## WHAT YOU ARE ASKED TO DO
From the first line of the listing below, retype each line up to and including the one with "2018年便利店行业的整体指"; pictures stay out.

## GIVEN MATERIAL

• • • •

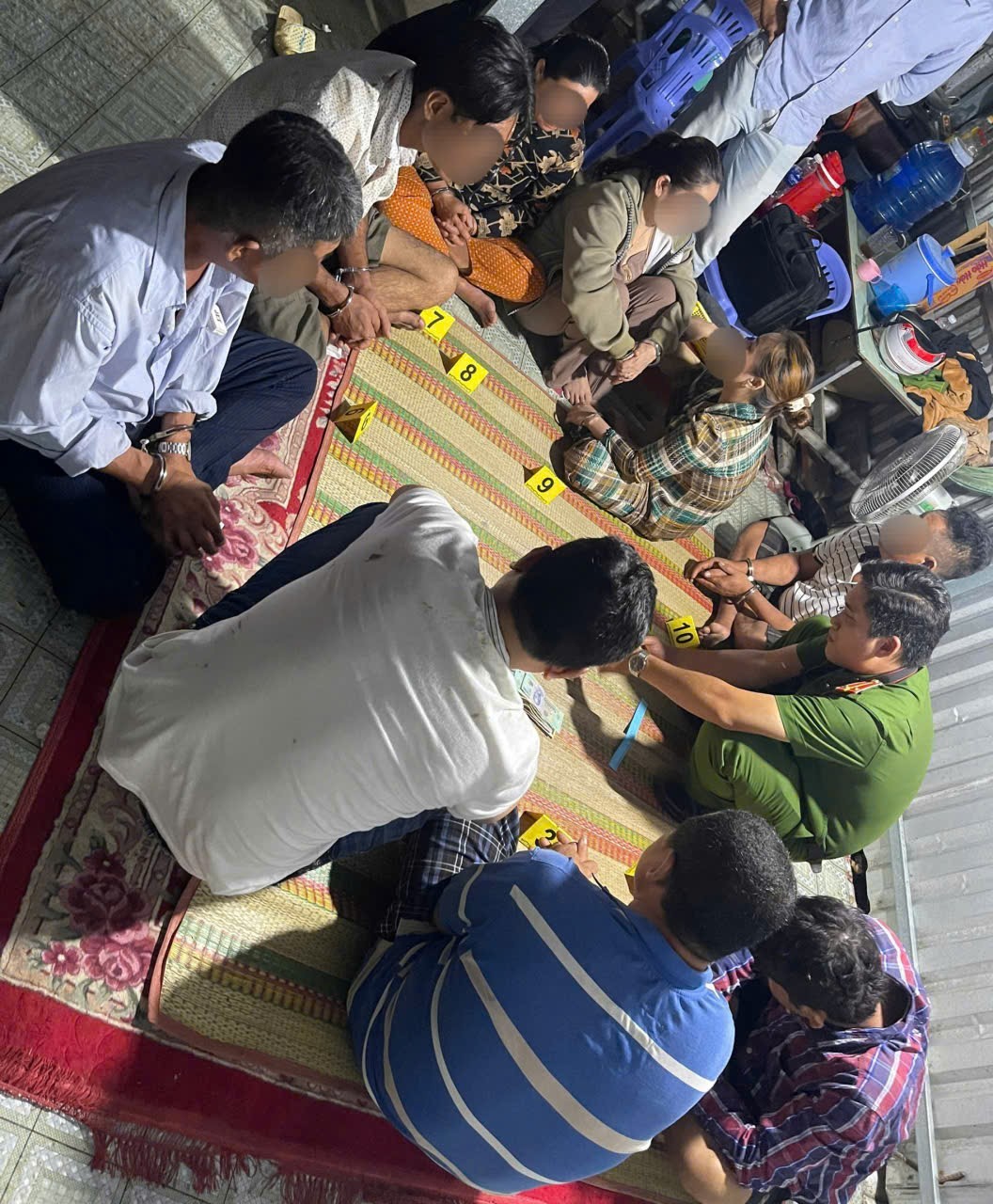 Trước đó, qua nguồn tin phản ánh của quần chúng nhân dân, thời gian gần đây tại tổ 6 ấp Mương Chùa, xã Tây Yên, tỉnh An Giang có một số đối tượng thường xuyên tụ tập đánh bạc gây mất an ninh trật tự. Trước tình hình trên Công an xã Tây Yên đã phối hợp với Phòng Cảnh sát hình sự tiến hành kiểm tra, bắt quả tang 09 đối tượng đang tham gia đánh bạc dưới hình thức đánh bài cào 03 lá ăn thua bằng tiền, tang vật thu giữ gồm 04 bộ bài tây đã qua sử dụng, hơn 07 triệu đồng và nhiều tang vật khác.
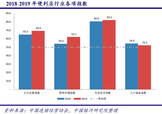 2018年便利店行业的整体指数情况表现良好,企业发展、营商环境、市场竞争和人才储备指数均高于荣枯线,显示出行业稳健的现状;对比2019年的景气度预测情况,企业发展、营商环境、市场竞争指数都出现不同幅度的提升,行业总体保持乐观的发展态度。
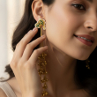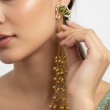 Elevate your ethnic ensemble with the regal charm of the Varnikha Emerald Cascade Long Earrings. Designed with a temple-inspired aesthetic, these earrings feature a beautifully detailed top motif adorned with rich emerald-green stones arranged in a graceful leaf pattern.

• • • •

## SOLUTION BELOW
 Trước đó, qua nguồn tin phản ánh của quần chúng nhân dân, thời gian gần đây tại tổ 6 ấp Mương Chùa, xã Tây Yên, tỉnh An Giang có một số đối tượng thường xuyên tụ tập đánh bạc gây mất an ninh trật tự. Trước tình hình trên Công an xã Tây Yên đã phối hợp với Phòng Cảnh sát hình sự tiến hành kiểm tra, bắt quả tang 09 đối tượng đang tham gia đánh bạc dưới hình thức đánh bài cào 03 lá ăn thua bằng tiền, tang vật thu giữ gồm 04 bộ bài tây đã qua sử dụng, hơn 07 triệu đồng và nhiều tang vật khác.
 2018年便利店行业的整体指数情况表现良好,企业发展、营商环境、市场竞争和人才储备指数均高于荣枯线,显示出行业稳健的现状;对比2019年的景气度预测情况,企业发展、营商环境、市场竞争指数都出现不同幅度的提升,行业总体保持乐观的发展态度。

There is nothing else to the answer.